A Fed governor since 2012 and former Treasury official under the George H.W. Bush administration, Powell will replace current Fed Chair Janet Yellen. Yellen was nominated in 2013 by President Obama. Her term as the central bank’s first female leader expires in February.
Should Trump nominate Powell, it will be the first time in four decades that a new president hasn’t asked the current Fed chair to stay on for a second term.
Powell was among five candidates considered for the job. Also on the president’s short list: former Fed governor Kevin Warsh, Stanford University economist John Taylor, the president’s top economic adviser, Gary Cohn and Yellen.
The position of Fed chair requires Senate confirmation. Republicans currently hold the majority and would be able to confirm Powell without any Democratic support, if necessary.
At 64, Powell has been Yellen’s ally on monetary policy, while also calling for easing some of the regulations on banks put in place after the 2008 financial crisis.
Unlike almost all of his predecessors in the position, Powell is not an economist by training. Instead, he was a lawyer and former partner at private-equity firm, Carlyle Group.
Two immediate challenges face Powell once he is confirmed in the role: How quickly to raise interest rates and how to continue to safely unwind the Fed’s hefty balance sheet.
It’s the job of central bankers to shift policy levers, nudging interest rates higher or lower, to boost jobs and keep prices, or inflation, at the optimal level.
What’s made their job trickier is that inflation is signaling the Fed should not increase rates. But economic growth and a low unemployment rate of 4.2% are saying it should.
Powell has been supportive of Yellen’s plan to gradually raise interest rates, if there are continued signs of improvement in the economy.
“The economy is as close to our assigned goals as it has been for many years,” said Powell in a June speech at the Economic Club of New York. “Risks to the forecast now seem more balanced than they have been for a some time.”
Powell will also have to oversee how the central bank continues to shed some of the $4.5 trillion in investments it made in order to prop up the economy after the financial crisis. The Fed began the process of unwinding almost a decade’s worth of stimulus investments in September.
For years, the central bank piled up purchases of Treasury and mortgage-backed securities, a strategy intended to stimulate the economy by reducing borrowing costs for everyone. At the time, it also reduced its benchmark interest rate to zero, and only began raising it in December 2015, seven years after the crisis.
Powell voted in favor of winding down the Fed’s balance sheet. And like Yellen, he’s left the door open for a new round of asset purchases in the event of another crisis.

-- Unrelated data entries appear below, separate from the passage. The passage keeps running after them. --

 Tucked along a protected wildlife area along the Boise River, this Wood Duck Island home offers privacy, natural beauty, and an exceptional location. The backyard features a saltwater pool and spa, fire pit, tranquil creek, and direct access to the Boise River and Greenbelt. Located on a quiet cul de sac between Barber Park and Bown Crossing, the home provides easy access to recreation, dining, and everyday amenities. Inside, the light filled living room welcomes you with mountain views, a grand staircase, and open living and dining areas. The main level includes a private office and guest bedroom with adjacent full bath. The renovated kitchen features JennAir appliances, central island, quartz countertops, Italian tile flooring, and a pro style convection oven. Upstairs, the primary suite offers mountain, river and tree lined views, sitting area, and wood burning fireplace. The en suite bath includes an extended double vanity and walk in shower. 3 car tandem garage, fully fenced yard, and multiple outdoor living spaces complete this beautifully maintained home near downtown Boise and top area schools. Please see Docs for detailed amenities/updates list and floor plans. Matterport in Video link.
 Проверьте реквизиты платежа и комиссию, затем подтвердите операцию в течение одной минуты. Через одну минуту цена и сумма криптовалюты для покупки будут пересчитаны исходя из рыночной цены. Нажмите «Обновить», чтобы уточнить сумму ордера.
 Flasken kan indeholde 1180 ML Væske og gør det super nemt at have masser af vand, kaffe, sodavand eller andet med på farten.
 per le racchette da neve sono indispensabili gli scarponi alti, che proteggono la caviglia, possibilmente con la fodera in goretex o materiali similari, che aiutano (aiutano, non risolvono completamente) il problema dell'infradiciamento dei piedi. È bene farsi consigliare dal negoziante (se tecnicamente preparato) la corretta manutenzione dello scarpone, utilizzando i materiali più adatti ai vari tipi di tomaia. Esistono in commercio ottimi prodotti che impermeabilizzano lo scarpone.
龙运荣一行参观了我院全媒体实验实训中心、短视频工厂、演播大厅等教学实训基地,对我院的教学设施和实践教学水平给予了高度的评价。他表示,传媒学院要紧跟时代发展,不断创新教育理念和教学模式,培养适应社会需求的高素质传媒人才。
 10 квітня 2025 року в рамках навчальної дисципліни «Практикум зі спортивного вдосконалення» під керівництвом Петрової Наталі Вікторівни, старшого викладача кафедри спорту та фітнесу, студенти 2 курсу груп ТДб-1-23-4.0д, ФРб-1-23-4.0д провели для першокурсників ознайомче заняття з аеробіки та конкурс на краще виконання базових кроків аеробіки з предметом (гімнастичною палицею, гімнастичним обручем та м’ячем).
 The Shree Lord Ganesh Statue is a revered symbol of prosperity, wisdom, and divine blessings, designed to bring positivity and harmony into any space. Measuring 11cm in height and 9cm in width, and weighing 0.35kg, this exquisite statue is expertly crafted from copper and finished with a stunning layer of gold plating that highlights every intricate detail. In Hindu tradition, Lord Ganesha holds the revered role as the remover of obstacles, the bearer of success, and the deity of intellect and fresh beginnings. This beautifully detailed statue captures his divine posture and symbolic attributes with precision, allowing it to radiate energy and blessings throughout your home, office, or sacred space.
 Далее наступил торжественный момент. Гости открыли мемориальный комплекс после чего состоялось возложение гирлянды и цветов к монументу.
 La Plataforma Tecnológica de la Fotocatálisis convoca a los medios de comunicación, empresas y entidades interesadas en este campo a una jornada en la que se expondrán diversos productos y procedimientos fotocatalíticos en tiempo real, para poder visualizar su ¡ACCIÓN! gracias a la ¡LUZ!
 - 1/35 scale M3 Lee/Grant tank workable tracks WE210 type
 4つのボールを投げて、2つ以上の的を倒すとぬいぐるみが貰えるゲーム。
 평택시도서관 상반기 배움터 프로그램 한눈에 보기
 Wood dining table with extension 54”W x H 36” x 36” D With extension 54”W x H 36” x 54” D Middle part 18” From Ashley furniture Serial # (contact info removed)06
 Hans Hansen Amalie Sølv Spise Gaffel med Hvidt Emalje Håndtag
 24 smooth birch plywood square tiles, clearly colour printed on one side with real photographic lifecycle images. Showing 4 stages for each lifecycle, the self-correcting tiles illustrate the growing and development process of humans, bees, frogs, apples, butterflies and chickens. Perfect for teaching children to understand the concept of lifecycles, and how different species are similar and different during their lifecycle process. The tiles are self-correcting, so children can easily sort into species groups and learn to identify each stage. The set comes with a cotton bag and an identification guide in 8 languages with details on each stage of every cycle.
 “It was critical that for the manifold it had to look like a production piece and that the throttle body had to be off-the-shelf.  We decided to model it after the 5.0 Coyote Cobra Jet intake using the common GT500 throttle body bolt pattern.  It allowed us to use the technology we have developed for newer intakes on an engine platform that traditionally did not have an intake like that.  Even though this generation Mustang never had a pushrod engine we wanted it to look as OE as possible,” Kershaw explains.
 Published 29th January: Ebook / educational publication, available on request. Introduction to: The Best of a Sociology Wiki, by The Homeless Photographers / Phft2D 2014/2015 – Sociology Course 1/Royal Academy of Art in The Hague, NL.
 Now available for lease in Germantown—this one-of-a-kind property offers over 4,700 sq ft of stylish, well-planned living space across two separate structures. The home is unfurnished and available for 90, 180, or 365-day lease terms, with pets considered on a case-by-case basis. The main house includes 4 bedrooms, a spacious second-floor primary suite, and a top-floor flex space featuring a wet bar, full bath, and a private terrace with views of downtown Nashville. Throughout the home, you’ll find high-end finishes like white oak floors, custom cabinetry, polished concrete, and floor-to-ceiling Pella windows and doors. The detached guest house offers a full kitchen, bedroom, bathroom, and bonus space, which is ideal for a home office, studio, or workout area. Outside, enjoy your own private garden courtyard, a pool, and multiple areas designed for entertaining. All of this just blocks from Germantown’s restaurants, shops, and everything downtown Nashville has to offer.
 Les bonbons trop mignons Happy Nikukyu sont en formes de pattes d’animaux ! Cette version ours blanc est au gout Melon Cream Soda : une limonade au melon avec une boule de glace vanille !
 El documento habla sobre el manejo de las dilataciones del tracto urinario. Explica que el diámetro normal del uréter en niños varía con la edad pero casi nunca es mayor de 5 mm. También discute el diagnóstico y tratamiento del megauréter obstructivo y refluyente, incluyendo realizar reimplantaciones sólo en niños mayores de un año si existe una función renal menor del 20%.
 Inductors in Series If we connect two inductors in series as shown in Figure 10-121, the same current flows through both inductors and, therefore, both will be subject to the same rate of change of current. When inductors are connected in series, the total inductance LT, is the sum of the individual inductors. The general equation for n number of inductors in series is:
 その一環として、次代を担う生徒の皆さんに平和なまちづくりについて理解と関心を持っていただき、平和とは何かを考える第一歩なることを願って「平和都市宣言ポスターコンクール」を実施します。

In April, the Fed tapped Powell to serve as the new point man overseeing how Wall Street banks are regulated after Daniel Tarullo, the central bank’s regulatory czar stepped down. Tarullo held the position for the past eight years.
In this role, the Fed governor has sided with the Trump administration on easing some of the regulatory burdens on banks. He’s specifically suggested relaxing the so-called Volcker Rule, which bars banks from taking risky bets with taxpayer money.